FaceBench: A Multi-View Multi-Level Facial Attribute VQA Dataset for Benchmarking Face Perception MLLMs

TL;DR

FaceBench addresses the lack of comprehensive face-perception benchmarks for multimodal LLMs by proposing a hierarchical, multi-view, multi-level facial attribute VQA dataset. It defines five views and three levels, yielding 211 attributes and 701 values, with 15,842 images and 73,760 VQA pairs across five views; 194 templates drive diverse questioning. The authors train Face-LLaVA, a specialized baseline, on FaceBench's training data and show that current open-source MLLMs underperform on fine-grained facial attributes, while Face-LLaVA achieves competitive results approaching commercial models in several views. The dataset and model results provide a foundation for robust benchmarking and targeted improvement of face-perception capabilities in MLLMs.

Abstract

Multimodal large language models (MLLMs) have demonstrated remarkable capabilities in various tasks. However, effectively evaluating these MLLMs on face perception remains largely unexplored. To address this gap, we introduce FaceBench, a dataset featuring hierarchical multi-view and multi-level attributes specifically designed to assess the comprehensive face perception abilities of MLLMs. Initially, we construct a hierarchical facial attribute structure, which encompasses five views with up to three levels of attributes, totaling over 210 attributes and 700 attribute values. Based on the structure, the proposed FaceBench consists of 49,919 visual question-answering (VQA) pairs for evaluation and 23,841 pairs for fine-tuning.
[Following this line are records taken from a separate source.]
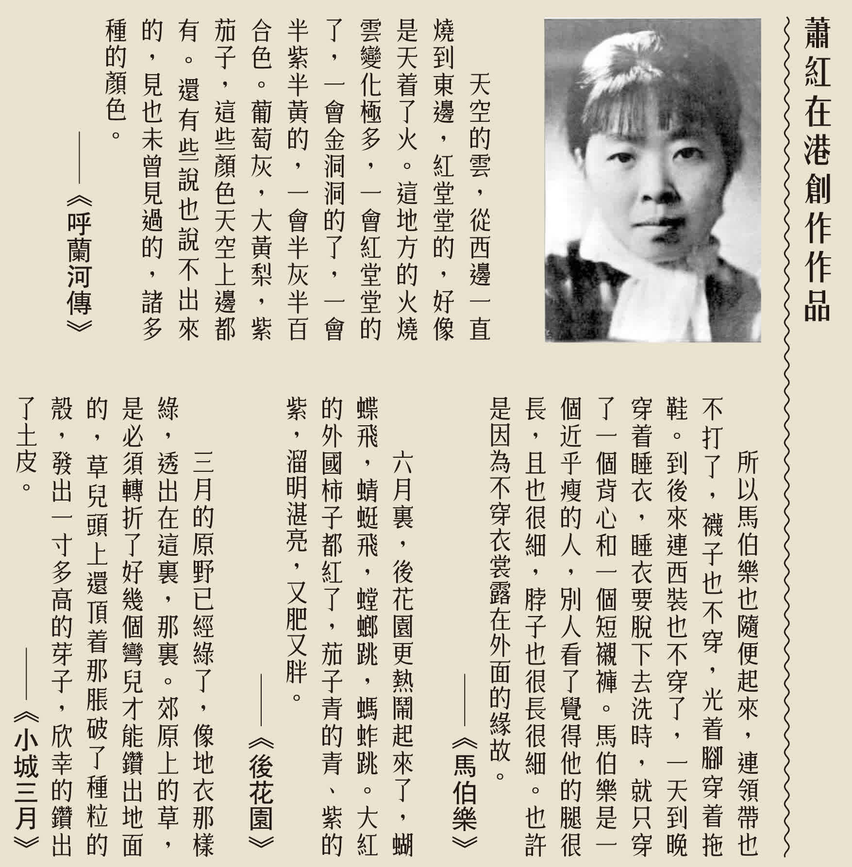 可以說,蕭紅雖然在香港走過了人生的最後兩年時間,於1942年病逝,但她在這段時期以「苦難中綻放璀璨」的姿態,書寫了人生的瑰麗篇章。
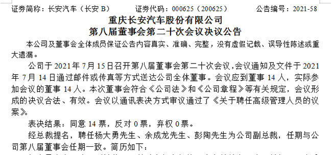 而在此之前,长安汽车还对旗下业务板块的人员也进行了相应调整。原重庆长安新能源汽车科技有限公司总经理、党委书记杨大勇;原长安汽车战略规划部总经理、党支部书记余成龙;原长安汽车乘用车营销事业部总经理、党委书记彭陶三位高管聘为公司副总裁;执行副总裁刘波因工作变动不再担任公司执行副总裁职务。对此,长安汽车官方表示,相关变动均属正常人事调动,不会对公司生产经营和日常运转造成影响。
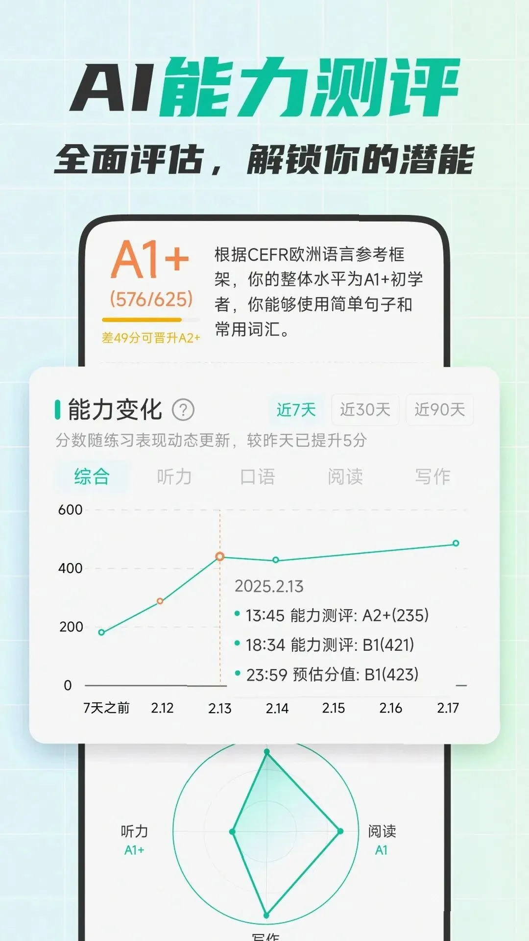 可栗口语还有很多贴心的细节:专业考试题库全覆盖,同步适配考研英语等热门考试,练完复试之后准备其他英语考试也能用;多端数据云端同步,手机、平板无缝切换,在图书馆用平板练,回宿舍用手机接着练,学习进度完全不中断;800万+用户口碑验证,用户满意度高达99%,是国内AI口语赛道用户规模与活跃度双第一的产品;私密1对1学习环境,完全不用怕开口练的时候被别人笑话,社恐也能放心大胆说;还有5分钟AI精准能力测评,基于CEFR欧洲通用语言标准,出具专业分级报告与定制化提升方案,哪怕你基础差也知道从哪开始练。
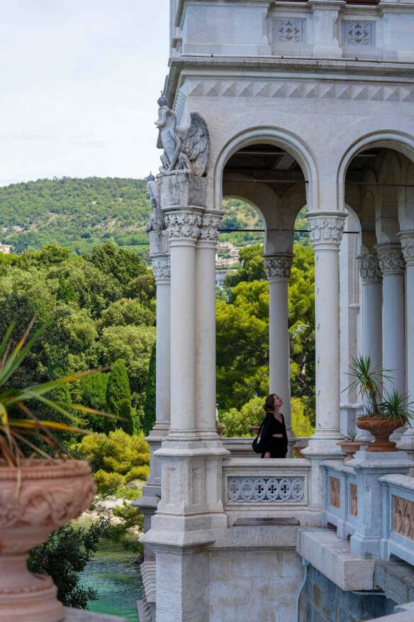 Onze nieuwsgierigheid wint het toch. Kasteel Miramare is namelijk een tastbaar overblijfsel uit het Habsburgse verleden. Het werd gebouwd als zomerverblijf voor Maximiliaan van Habsburg en zijn vrouw Charlotte van België.
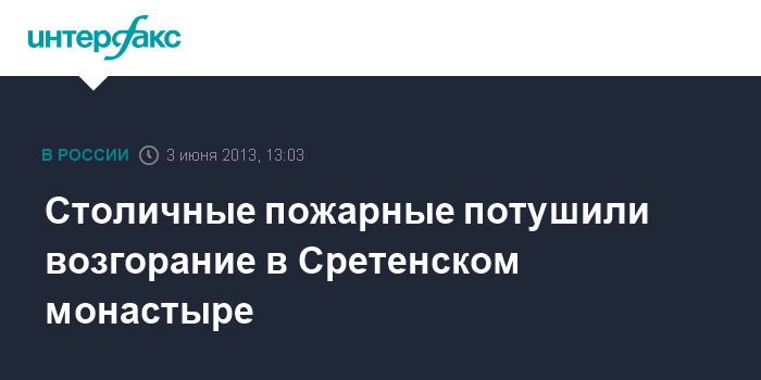 Москва. 3 июня. INERFAX.RU - Пожар, возникший на территории Сретенского ставропигиального мужского монастыря в центре столицы, потушен, пострадавших нет.
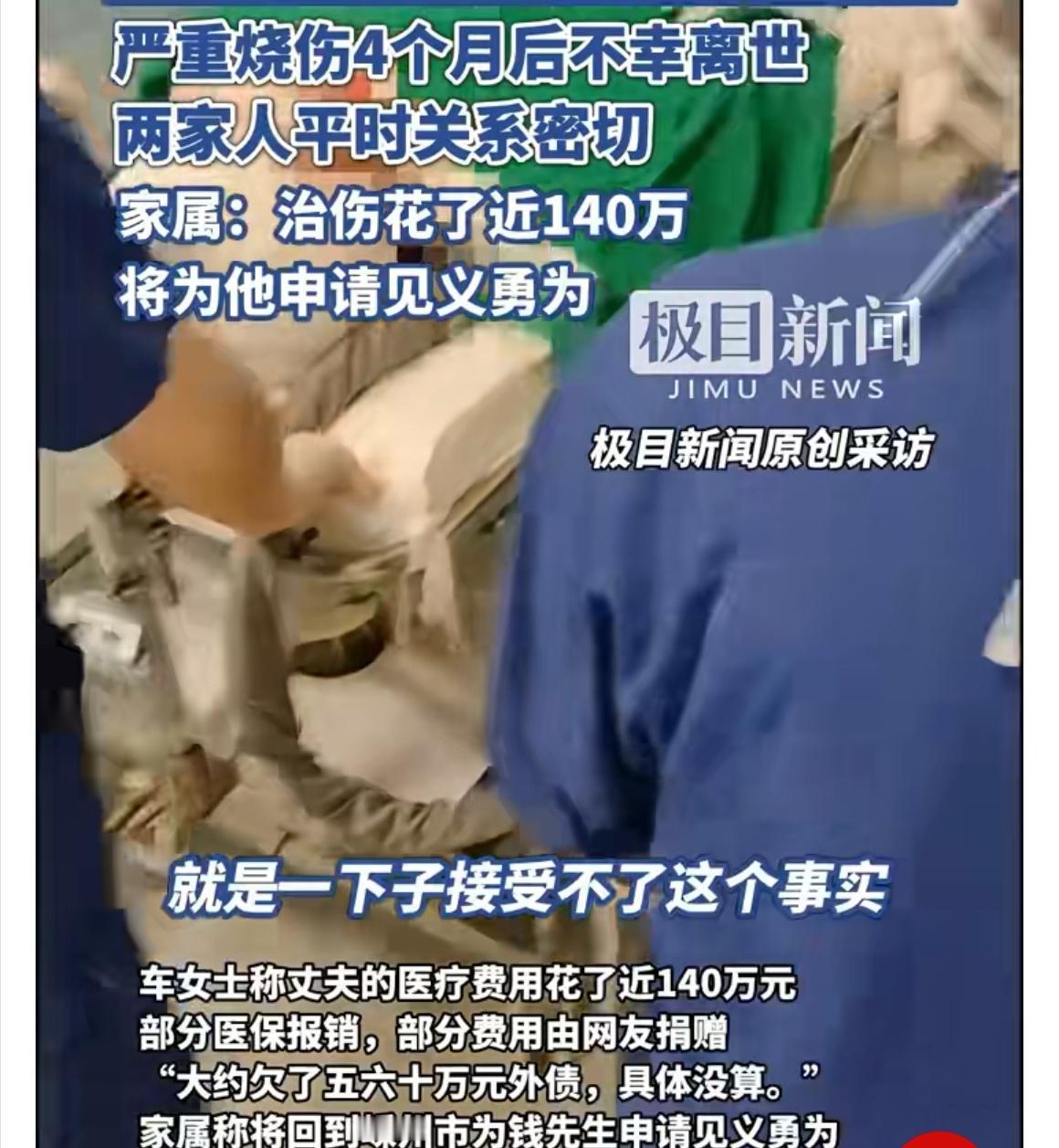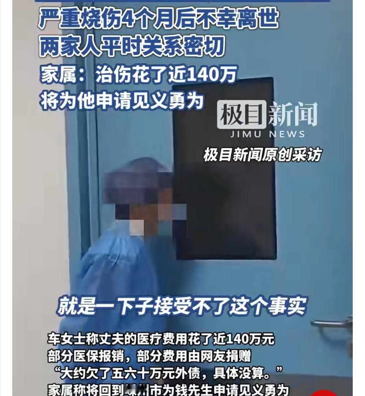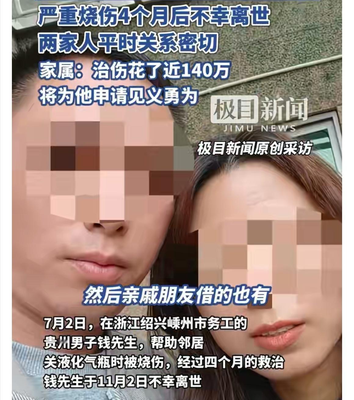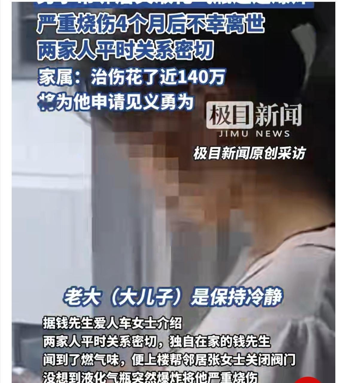 【好邻居关燃气遇爆炸不幸离世,留下巨额医药费令人心碎】 太痛心了!那个因为帮邻居关液化气瓶而被严重烧伤的钱先生,经过4个月的艰难救治,最终还是离开了我们。这件发生在浙江绍兴的意外,最终以最令人惋惜的方式画上了句号。 回顾事发当晚,钱先生闻到浓烈燃气味,主动上楼帮邻居关闭泄漏的液化气瓶。谁知气瓶突然爆炸,瞬间将他吞没在火焰中。当他的爱人和邻居赶回时,只听到他在楼上呼喊:“我被火烧到了,快打120!”下楼时,他全身衣物已被烧光,皮肤惨白,还担心地问妻子自己有没有毁容。 医院诊断显示,钱先生全身高达89%的皮肤被烧伤。在重症监护室苦苦支撑了近四个月后,他于11月2日不幸离世,目前已火化安葬在贵州老家。 更让人揪心的是背后的经济压力——近140万元的医疗费用,尽管有医保报销和网友捐助,家人仍背负着五六十万元的外债。钱先生的爱人车女士说,具体数额她都不敢细算。 据了解,家属在处理完后事后,将返回嵊州为钱先生申请见义勇为称号。这位普通务工者的英勇举动和不幸遭遇,再次提醒大家:燃气安全无小事,在处置燃气泄漏时一定要确保自身安全,最好及时联系专业人员处理。 生命无常,但善良永存。钱先生,一路走好!
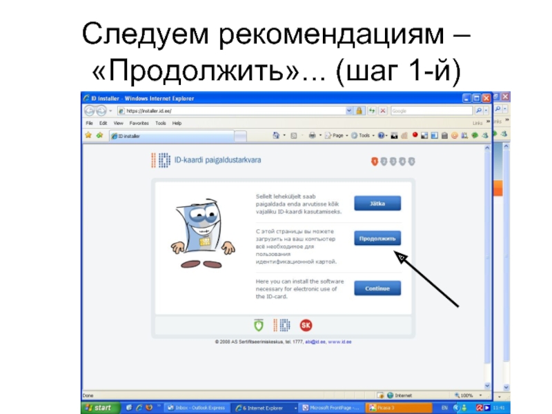 Слайд 6Следуем рекомендациям – «Продолжить»... (шаг 1-й)

Moreover, we further develop a robust face perception MLLM baseline, Face-LLaVA, by training with our proposed face VQA data. Extensive experiments on various mainstream MLLMs and Face-LLaVA are conducted to test their face perception ability, with results also compared against human performance. The results reveal that, the existing MLLMs are far from satisfactory in understanding the fine-grained facial attributes, while our Face-LLaVA significantly outperforms existing open-source models with a small amount of training data and is comparable to commercial ones like GPT-4o and Gemini. The dataset will be released at https://github.com/CVI-SZU/FaceBench.

Paper Structure

This paper contains 12 sections, 4 figures, 5 tables.

Figures (4)

  • Figure 1: Overview of FaceBench. Left: Example of face images, including a face region mask. Center: FaceBench covers multi-views (appearance, accessories, surrounding, identity, psychology). Each view contains multi-level attributes (Level 1, Level 2, Level 3), comprising over 210 attributes and 700 attribute values in total. Right: Q&A of our Face-LLaVA finetuned using the FaceBench. Best viewed in color.
  • Figure 2: Hierarchical organization of facial attributes. We categorize facial attributes into Appearance, Identity, Surrounding, Accessories, and Psychology, illustrating their hierarchical structure across three levels. Best viewed in color.
  • Figure 3: Question types and human annotation workflow for building our dataset. Best viewed in color.
  • Figure 4: Samples from our FaceBench dataset. It displays a range of VQA pairs from our dataset aimed at evaluating the perception of facial attributes categorized into Appearance, Accessories, Surrounding, Identity, and Psychology.